Last year, aducanumab’s Phase III program was killed and resurrected before Biogen submitted the drug for approval after a consultation with the FDA. This yielded the wildly unprecedented scenario of a drug being reviewed for approval based on the repackaging of a mixed dataset. 

The ENGAGE (301) and EMERGE (302) trials were initiated in 2016, and both were discontinued in March 2019 on the recommendation of an independent monitoring committee, citing a lack of efficacy. However, subsequent talks with the FDA spurred Biogen to conduct a post-hoc analysis. Biogen claimed that additional data that became available after the discontinuation revealed that the drug was able to successfully reduce clinical decline in patients with early Alzheimer’s disease, primarily driven by treatment at the higher dose.

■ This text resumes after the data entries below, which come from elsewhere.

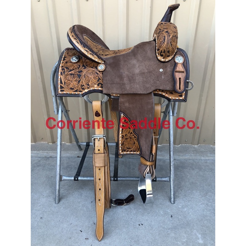 In-Skirt Fancy Dee Ring Front & Back90 Degree SkirtingLeather HornLeather Cheyenne Roll Inlaid Tooled SeatPlain Barrel Stirrups**Choice of Conchos Included**SeatCan Be Changed To A Solid Color Suede Seat Of Your ChoiceFURTHER DETAILSThis saddle is built on a wooden rawhide covered tree and comes with a latigo, back flank, stirrups, back billets and offstrap. To order give us a call or email us and we will get started on one for you. We take Visa, Mastercard and Discover. We offer seat sizes 12″ inch, 12.5″ inch, 13″ inch, 13.5″ inch, 14″ inch, 14.5 inch, 15″ inch, 15.5″ inch, and 16″ inch in this saddle. On any saddle, we can add your brand, custom lettering, upgraded conchos, upgraded stirrups, etc. Trophy lettering is available for $50 as well on any saddle.Seat can be changed to a solid color suede seat of your choice.
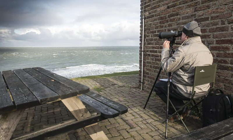 Geen eenvoudige klus voor de zeetrektellers: wat zien ze allemaal op de Bol? Foto: Leo Hofland.
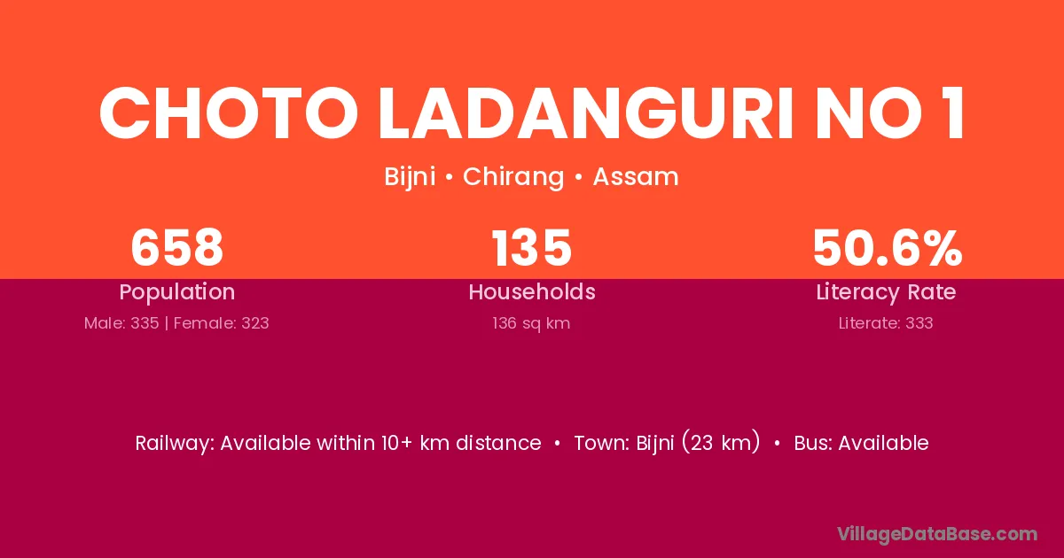 Choto Ladanguri No 1 village has a total population of 658 people, of which 335 are males and 323 are females.
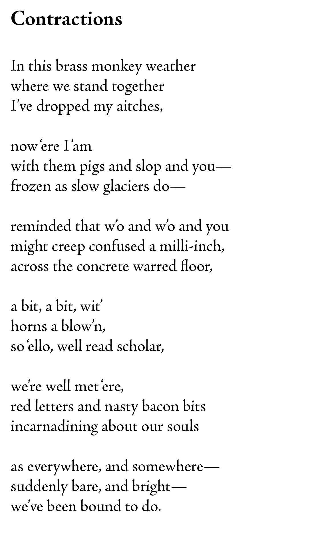 This is the best title I’ve ever used for a poem. “Contractions” works on so many levels that pertain to the poem and enriches the poem itself through connecting them, summarizing them here in the start of the poem.
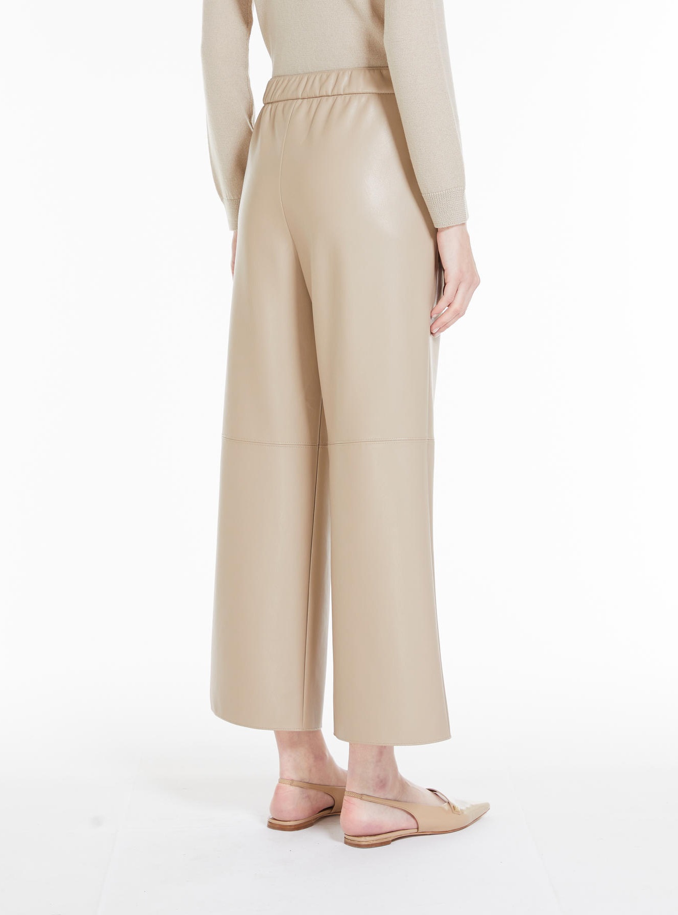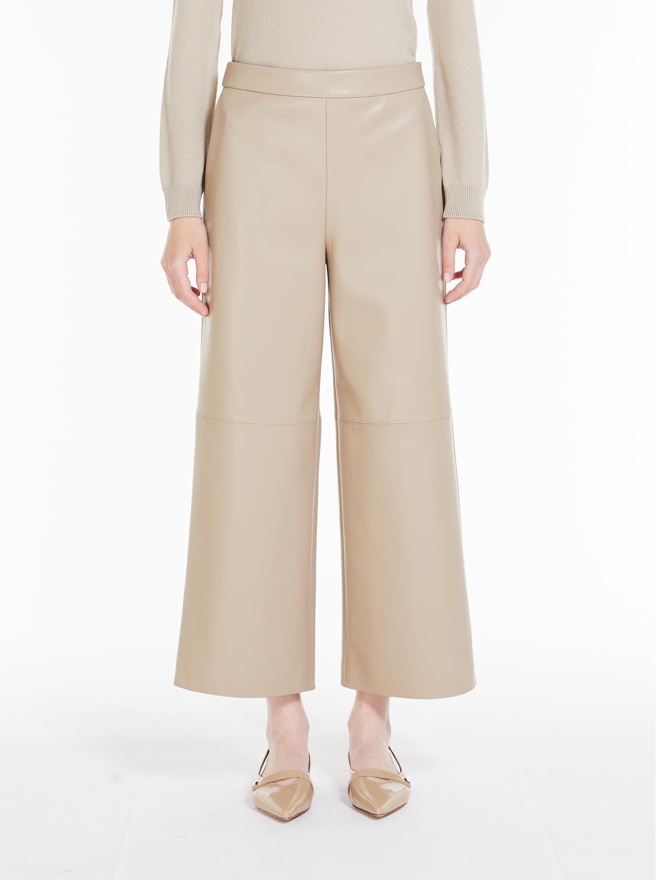 Широкі брюки з м’якої тканини з покриттям зі шкіряними виробами та строчками. Одяг також має еластичний пояс і бічні кишені.

Biogen said EMERGE was a positive study and results from a subset of patients in the ENGAGE study supported findings in EMERGE.

The FDA’s briefing documents were largely aligned with Biogen’s findings, noting that “the results of Study 302 (EMERGE) are highly persuasive and the study is capable of providing the primary contribution to a demonstration of substantial evidence of effectiveness of aducanumab.” 

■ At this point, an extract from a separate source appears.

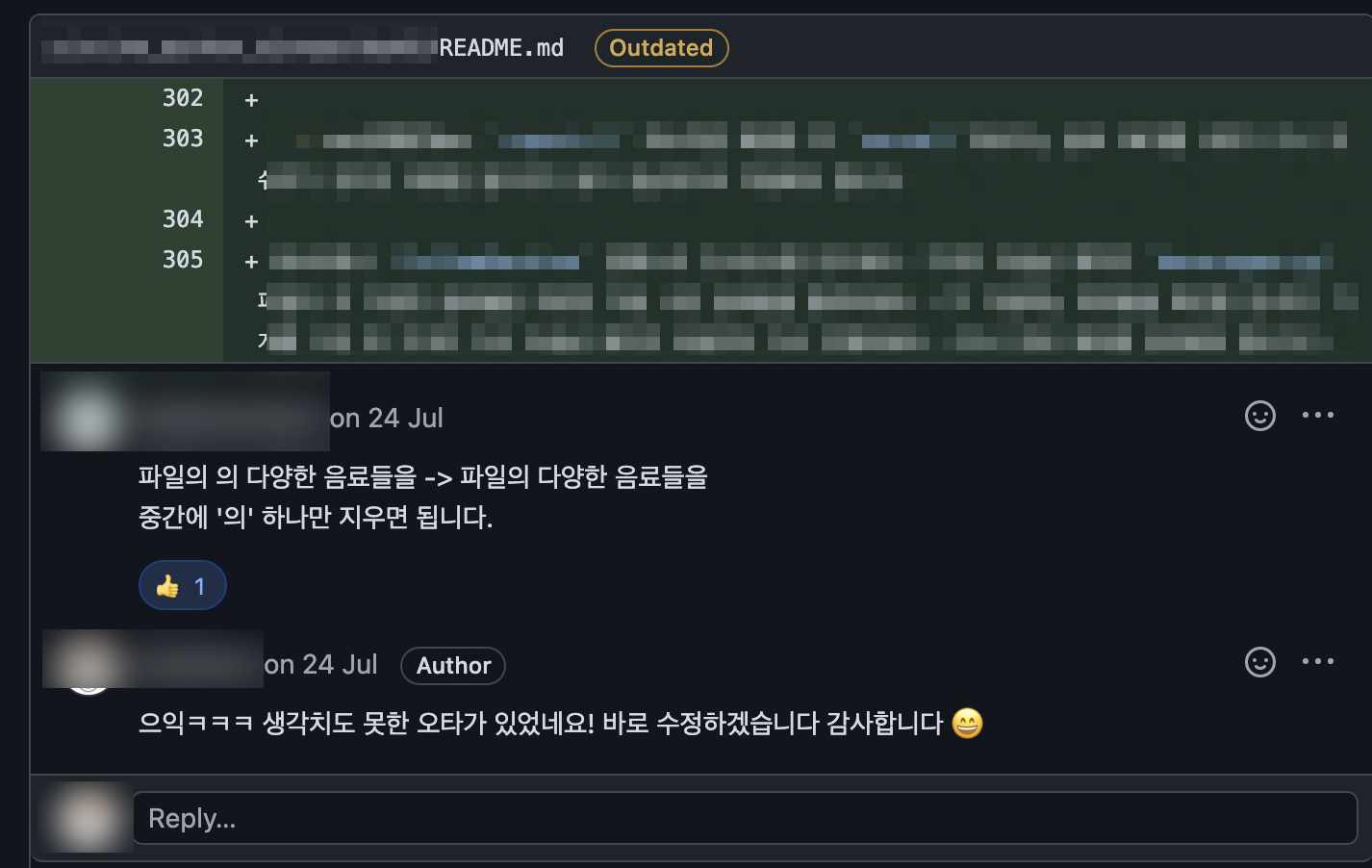 본인의 풀 리퀘스트에서 또는 다른 작성자의 PR 리뷰를 읽어보다가 특별히 코멘트를 달고 싶은 부분이 있다면 해당 리뷰 코멘트에 댓글을 달 수도 있다

However, the AdCom committee issued a negative verdict, voting 8-1 (2 uncertain) that the successful Phase III EMERGE did not provide strong evidence supportive of aducanumab’s effectiveness. The panel voted 10-0 (1 uncertain) that it was not reasonable to consider EMERGE as primary evidence of effectiveness (along with 301 and a 

pharmacodynamic 103 study) for the treatment of Alzheimer’s disease. 

While the AdCom vote is non-binding, the FDA usually follows the committee’s recommendation. Its final approval verdict is due in March.

However, there has been some speculation that, given the FDA’s collaborative approach with Biogen in turning aducanumab’s program around (not to mention the tone of its briefing documents), the agency may be feeling pressure to approve a treatment for such a severe and unmet need. Alzheimer’s disease is the most common form of dementia, affecting around 50 million people globally. 

“This [the vote] will make it more difficult, although not impossible, of course, for the agency to ignore this strong no-confidence stance,” said Dr. Leon Henderson-MacLennan, medical advisor at inThought Research. If they do approve it, he added, it would represent the regulators “going over the heads of the entire neuro leadership.”

Several committee members were critical of the FDA’s briefing notes, with some of the panel members accusing the agency of showing “bias” towards the therapy and sponsor and “discordance” between the FDA’s clinical and statistical reviewer. “Standards need to be kept as high as established,” said McLennan, noting that absolute certainty is needed prior to an approval.

Aducanumab (BIIB037) is a human monoclonal antibody that selectively binds to beta-amyloid formations in the brains of people with Alzheimer’s disease. The Alzheimer’s field has been haunted by a history of drug trial failures over the last several decades, with hundreds of millions of R&D dollars forfeited in the quest to find a cure. 

Biogen is partnered with Eisai  to develop and commercialize the drug globally.